Are you sure your business isn’t considered a hobby in the eyes of the IRS? If so, then your expenses are very limited or disallowed. Here are some factors to help determine if you operate a business or hobby.
Factors According to the IRS
- The taxpayer carries out activity in a businesslike manner and maintains complete and accurate books and records.
- The taxpayer puts time and effort into the activity to show they intend to make it profitable.
- The taxpayer depends on income from the activity for their livelihood.
- The taxpayer has personal motives for carrying out the activity such as general enjoyment or relaxation.
- The taxpayer has enough income from other sources to fund the activity
- Losses are due to circumstances beyond the taxpayer’s control or are normal for the startup phase of their type of business.
- There is a change to methods of operation to improve profitability.
- Taxpayer and their advisor have the knowledge needed to carry out the activity as a successful business.
- The taxpayer was successful in making a profit in similar activities in the past.
- Activity makes a profit in some years and how much profit it makes.
- The taxpayer can expect to make a future profit from the appreciation of the assets used in the activity.

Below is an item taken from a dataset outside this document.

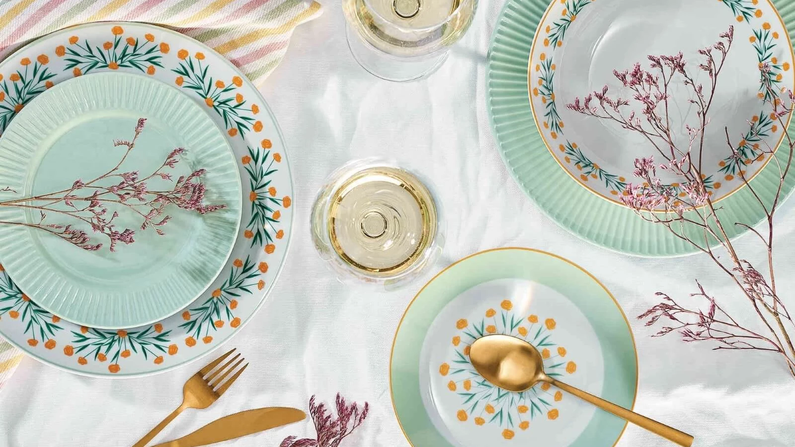 Para quem procura um serviço de mesa em tons neutros, a coleção Inbloom da KASA é perfeita. Este conjunto está disponível na versão branco floral e com padrão Vichy que podem ser combinados com peças lisas (sem padrão) em tons verde, amarelo e rosa pastel.

Safe Harbor According to the Code
There is a safe harbor rule stating if you have income from an activity for 3 or more years out of 5 then the activity is considered to be engaged in for profit.
Expenses not Deductible
The main reason you do not want an activity to be considered a hobby is because you cannot deduct any expenses, except for those directly tied to producing the product, such as materials and inventory.